Differentiating Between Mixed Neuroendocrine Non-Neuroendocrine Neoplasms (MiNEN) and Other Subtypes of NEN using Fibroblast Activation Protein Inhibitor (FAPI)-Directed PET

Introduction: Fibroblast activation protein (FAP) is overexpressed in highly aggressive gastroenteropancreatic neuroendocrine neoplasms (NEN). We aimed to elucidate the diagnostic performance of non-invasive FAP inhibitor-directed PET using [⁶⁸Ga]FAPI when compared to the reference radiotracer [¹⁸F]FDG in patients with subtypes of poorly differentiated NEN.

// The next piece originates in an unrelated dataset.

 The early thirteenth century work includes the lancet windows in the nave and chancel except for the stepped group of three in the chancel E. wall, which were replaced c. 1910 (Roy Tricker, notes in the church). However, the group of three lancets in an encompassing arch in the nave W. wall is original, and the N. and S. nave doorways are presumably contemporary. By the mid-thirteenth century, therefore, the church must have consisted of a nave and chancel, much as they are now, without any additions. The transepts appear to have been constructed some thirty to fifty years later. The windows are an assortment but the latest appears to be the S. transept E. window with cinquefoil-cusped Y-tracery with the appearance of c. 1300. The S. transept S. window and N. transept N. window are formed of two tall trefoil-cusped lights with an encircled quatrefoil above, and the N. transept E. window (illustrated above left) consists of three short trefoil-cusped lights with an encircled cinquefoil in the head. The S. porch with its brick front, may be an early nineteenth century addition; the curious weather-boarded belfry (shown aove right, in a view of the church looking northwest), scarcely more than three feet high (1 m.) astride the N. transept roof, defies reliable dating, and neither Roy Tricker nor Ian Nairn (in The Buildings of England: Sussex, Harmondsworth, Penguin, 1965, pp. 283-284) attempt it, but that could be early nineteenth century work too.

Methods: 16 patients with metastasized, high grade NEN [neuroendocrine tumor (NET) G2/G3, n=7; neuroendocrine carcinoma (NEC), n=4, and mixed neuroendocrine non-neuroendocrine neoplasms (MiNEN), n=5] underwent [⁶⁸Ga]FAPI and [¹⁸F]FDG PET/CT without treatment between scans. We compared FAPI-based tumor volume (TV) in patients affected with MiNEN to all other subtypes of NEN and identified patients eligible for a FAP-directed endoradiotherapy (ERT).

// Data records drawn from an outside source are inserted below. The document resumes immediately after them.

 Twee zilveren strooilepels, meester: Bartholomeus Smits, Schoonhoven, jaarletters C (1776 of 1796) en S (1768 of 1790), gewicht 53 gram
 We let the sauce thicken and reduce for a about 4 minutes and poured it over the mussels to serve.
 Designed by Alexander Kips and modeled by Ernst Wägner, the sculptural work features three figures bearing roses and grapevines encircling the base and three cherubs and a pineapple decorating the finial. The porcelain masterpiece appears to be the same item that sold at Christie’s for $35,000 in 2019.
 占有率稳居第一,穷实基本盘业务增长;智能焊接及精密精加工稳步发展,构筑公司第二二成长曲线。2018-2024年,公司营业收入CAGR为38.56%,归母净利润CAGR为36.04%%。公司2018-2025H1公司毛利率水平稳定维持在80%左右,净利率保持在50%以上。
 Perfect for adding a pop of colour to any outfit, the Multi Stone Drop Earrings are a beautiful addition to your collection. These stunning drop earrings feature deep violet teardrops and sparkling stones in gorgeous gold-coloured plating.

Results: [⁶⁸Ga]FAPI visualized tumor lesions in 16/16 subjects (100%), which was comparable to [¹⁸F]FDG (15/16, 93.8%). On a lesion-basis, none of the radiotracers detected significantly more lesions ([¹⁸F]FDG, 9.5±5.3 vs. [⁶⁸Ga]FAPI, 7.3±3.5, P=0.2). MiNEN patients demonstrated significantly higher FAPI-TV (119.9±57.4) when compared to all other subtypes of NEN (33.4±31.6, P=0.001). Based on a visual assessment including intensity of uptake and widespread disease, MiNEN patients (5/5, 100%) were considered eligible for FAPI-directed ERT (all other types, 4/11 (36.4%)).

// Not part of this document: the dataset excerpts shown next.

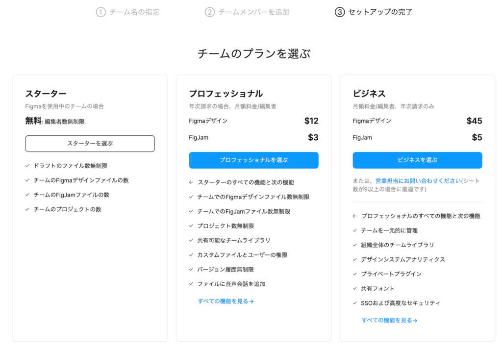 チームのプランを選択する。今回はスターター(無料)プランを選択する。
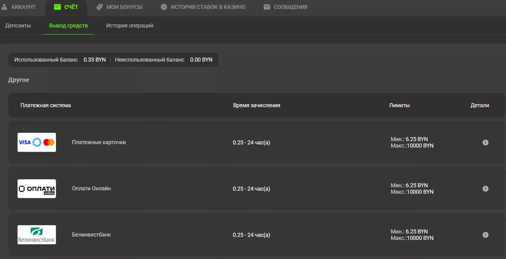 Клиенты белорусских БК получают деньги на электронные кошельки, банковские карты, банковский счет.
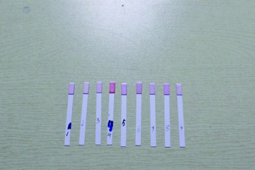 9種樣品取樣檢測后,檢測試紙顏色基本未變,也未呈現(xiàn)藍(lán)紫色。
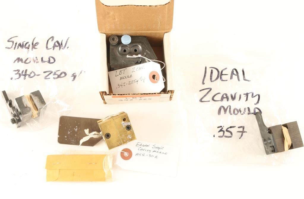 Includes a LBT 2 cavity .342-225gr SP mold, an Eagan single cavity MX4-30 A mold, an Ideal 2 cavity .357 mold, and an unknown single cavity .340-250gr mold. No handles with molds.
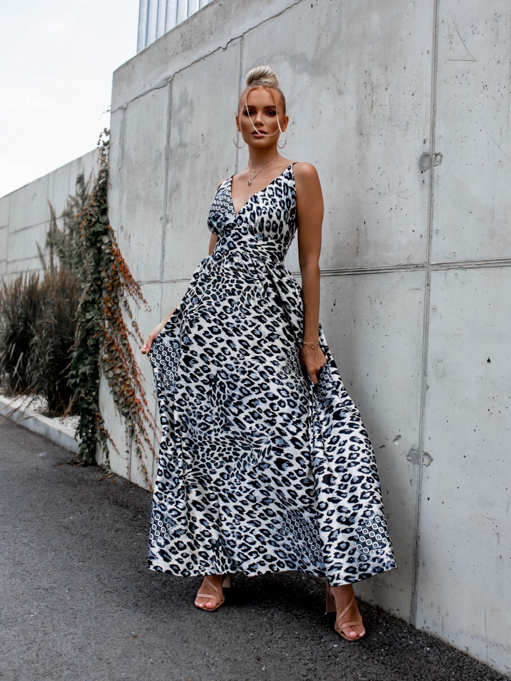 Černobílé dlouhé šaty CHEETAH s leopardím vzorem

Conclusions: In aggressive NEN, diagnostic accuracy of [⁶⁸Ga]FAPI-PET/CT is not inferior when compared to [¹⁸F]FDG and may allow to differentiate between patients with MiNEN and other poorly differentiated NEN subtypes. In addition, FAPI-directed ERT may be feasible in patients with MiNEN.